Re: What to tell the littles

Hareem, I'm still looking forward to your response! :)

But I'll make some assumptions here and lets do a little projecting. OK, so you avoid topics like how does the baby get out, you avoid questions about sex, you try to squash any curiousity about the opposite gender and focus on academics. You allow your kids to socialize only with other carefully screened home-schooled kids. They turn out to be so very smart that they perhaps receive full scholarship to whatever university they choose....

Do you accompany them to college and live with them in the dorm and continue to shield them? Will you worry when, all of a sudden they find themselves interacting with the opposite sex, when classmates go out clubbing, smoking, drinking, having sex and smoking pot? A kid entering college has raging hormones, lots of curiosity and lots of energy. And a big problem with sheltered kids is the sudden surge of freedom. One day you will have to let them go out into the world, like it or not.

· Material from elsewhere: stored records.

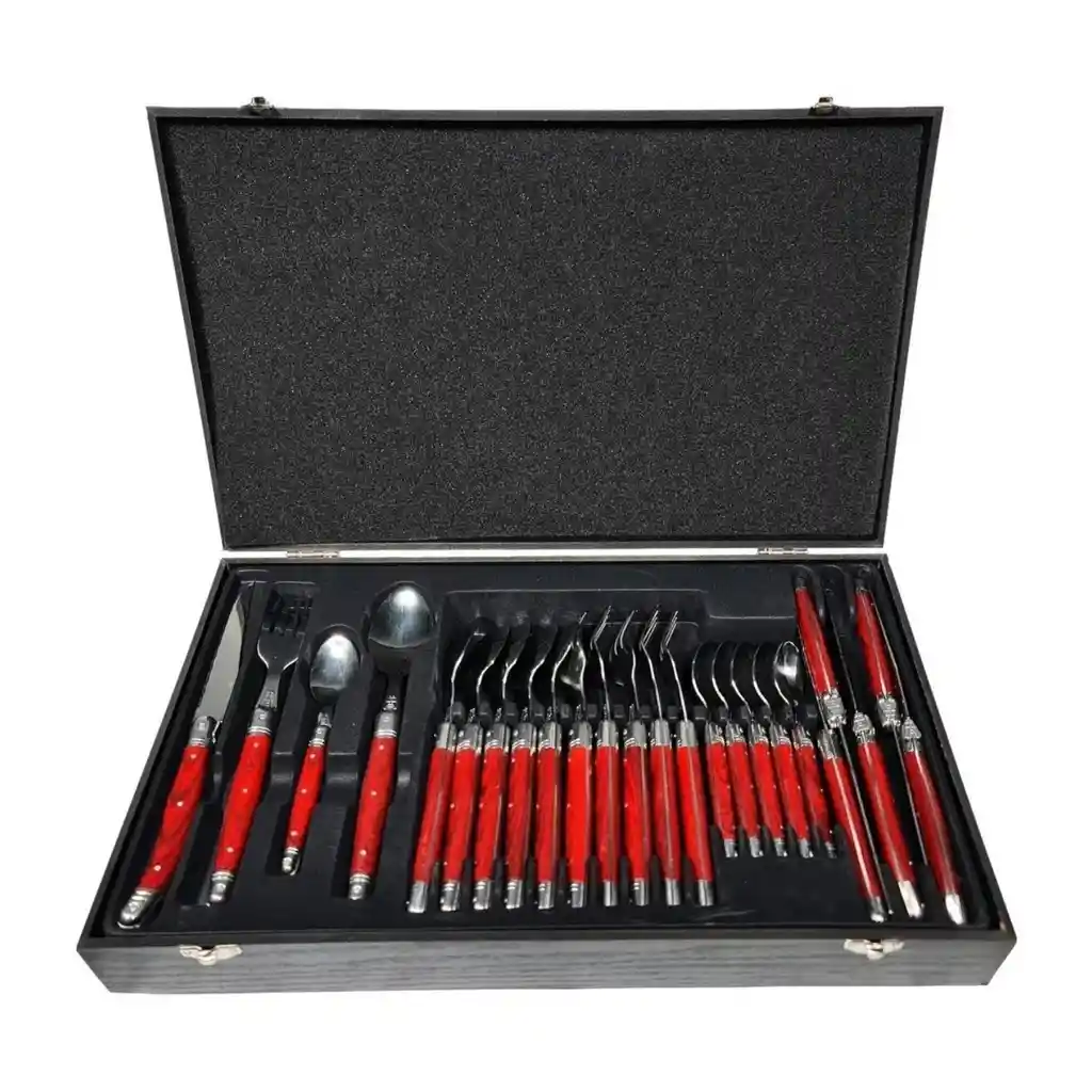 Elegante juego de cubiertos de acero color rojo, dese el gusto de tener un juego de cubiertos con estilo y buen diseño. La calidad y la belleza de este elegante juego de cubiertos invita a compartir, su diseño se adapta a cualquier estilo, y dará un toque clásico a cualquier celebración. Material: Acero Color: Rojo Medidas: 4x30x40 cm Incluye: 6 cuchillos 6 tenedores 6 cucharas 6 cucharas de té Caja de madera Material: Acero y mango plástico Producto 100% recomendado. Garantía Legal de 6 meses.
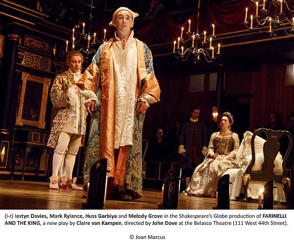 "Farinelli and the King" plays through March 25, 2018, at the Belasco Theatre (111 West 44th Street). For tickets, call: 800.432.7250 or farinelliandthekingbroadway.com Through Feb. 4th, there are 2 for the price of 1 tickets during Broadway week nycgo.com/events/farinelli-and-the-king
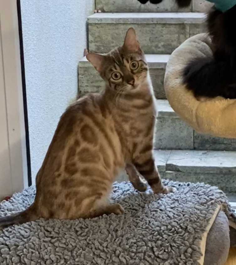Tia Dalma ist eine wunderschöne Bengalkatze, die vor einigen Monaten trächtig und ohne Besitzer draussen gefunden wurde. Leider hat sich niemand für sie gemeldet. Inzwischen sind ihre Kitten alle in liebevolle Zuhause gezogen – nun ist es an der Zeit, dass auch Tia Dalma ihr eigenes Glück findet.
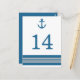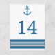 Elegant and classic Nautical Anchor Table Number Postcard with a simple boat anchor and an array of stripes in dark navy blue and grey. This nautical beach themed wedding table card can be easily customised with your wedding details. For more customisation options, click on the Customise It button.
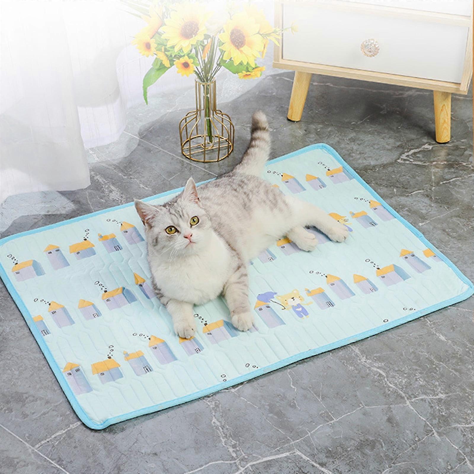 Hoarboeg Pet Cooling Mat for Dogs Cats, Ice Silk Cooling Mat, Portable Washable Blanket for Kennel/Sofa/Bed/Floor/Car (Blue-M)
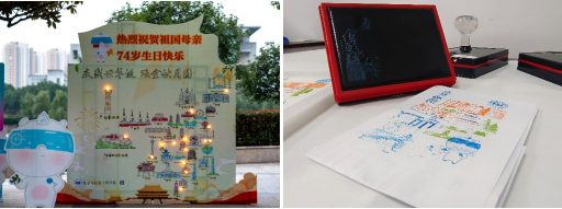 活动当同学们热情高涨,积极踊跃地去寻找徽弘门易海亭、实验综合楼、图书馆等学校标志性景点进行印章和合影打卡在志愿者的引导下在活动现场与学院虚拟形象“电小信”合照祖国母亲74岁生日快乐。

Will they be equipped to handle it all or will they feel like they are at last breaking free? If you're starting out by limiting their contact with others and their curiosity and not answering their questions to their satisfaction then IMHO it will come back to haunt you.

In the UK surveys show that homeschooled children are better at socializing and they have better results than others.
They are so many examples of famous homeschooled people from the past and the present. Just google it and you'll find the list.

Again, what Freud and his theories has to do with this thread?

Another schooled person.

Re: What to tell the littles

This was such a happy, cute little thread before we turned off topic and made it about homeschooling. Didnt we have a thread about specifically about that not too long ago?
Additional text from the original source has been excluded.